Abstract
This paper discusses about the adoption of International Financial Reporting Standards (IFRS) by the Nigerian financial institutions. Nigeria have been using domestic accounting standard (NGAAP) for banks and non-banks financial institutions known as Statement of Accounting Standards (SAS 10 Part 1 and SAS 15 Part 2) issued in 1990 and 1997 respectively for financial reporting. These domestic standards were adopted from International Accounting Standards (IAS 30) but have not been updated like IAS 30 as reported by the Report on Observance of Standard Codes (ROSC) of Nigeria in 2004 and 2011. The change in accounting regulations is as a result of the weaknesses of NGAAP and low disclosure requirements.

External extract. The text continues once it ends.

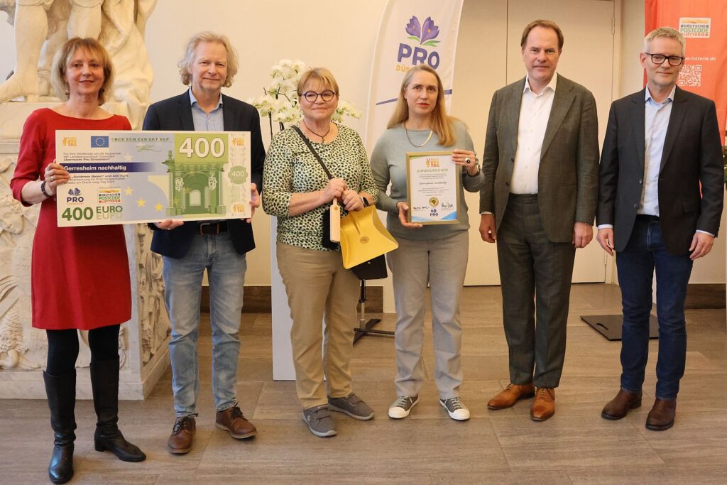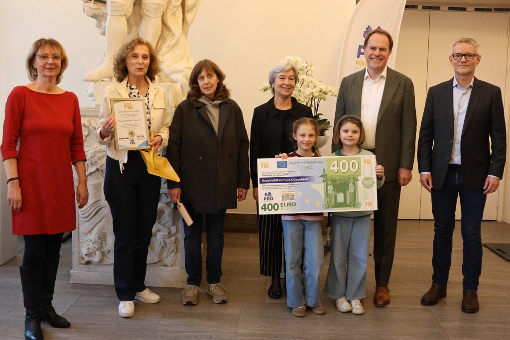 Das Team der AWISTA, der Verein Kreativitätsschule Düsseldorf und die Initiative “Gerresheim Nachhaltig” waren am Mittwoch (4.3.) in den Jan-Wellem-Saal des Rathauses eingeladen, um ihre Auszeichnungen entgegenzunehmen. Das ist zwar kein „goldener Besen“ mehr, sondern eine praktische goldene Kehrschaufel mit Handfeger und dazu eine Urkunde sowie ein Scheck über jeweils 400 Euro.

IFRS reporting has more disclosures than NGAAP especially for financial institutions. Under NGAAP financial instruments have not been classified as in IFRS. For instance, financial instruments have been classified into four under IAS 39 as; (i) recognised fair value on gain or loss in profit or loss, (ii) are measured at amortised cost for investments held-to-maturity, (iii) measured at amortised cost for loans and receivables, (iv) measured at fair value gain or loss for available-for-sale financial assets recognised in other comprehensive income. Additionally, financial liabilities have been categories into two namely; (i) measured at amortised fair value on financial liabilities through profit or loss and, (ii) measured at amortised other liabilities. Now with the mandatory adoptions of reporting under IFRS by all listed financial institutions, will the accounting disclosures be more value relevant among Nigerian financial institutions? DOI: 10.5901/mjss.2015.v6n1p409
Highlights
This study looked at the NGGAP and International Financial Reporting Standards (IFRS) adoption on the value relevance of accounting information and the differences between the two regimes
The study examined financial institutions because they are mostly affected by changes and having more disclosures under IFRS
This article pursues to improve the literature as it examined the disclosure requirements under NGAAP and IFRS
Summary
Demand for relevant accounting disclosures by users is increasing due to the growing complexity of business environments worldwide. The accounting practice in the country is found to have suffered institutional weakness and non-compliance in regulations, rules and standards enforcement in financial institutions The avoidance of these full disclosures has been attributed to the drastic fall of the Nigerian stock market which caused crisis in the financial sector as reported by the ROSC in 2011. Markets have improved on the value relevance of accounting disclosures after adoption of IFRS (Kargin, 2013; Konstantious & Athanasios, 2011; Alali & Foote, 2012). The objective of this study is to determine the disclosures under NGAAP and IFRS after the adoption of new accounting reporting. This study will examine the major improvement on disclosures from the new accounting regulations (IFRS) in comparison to NGAAP reporting among Nigerian financial institutions.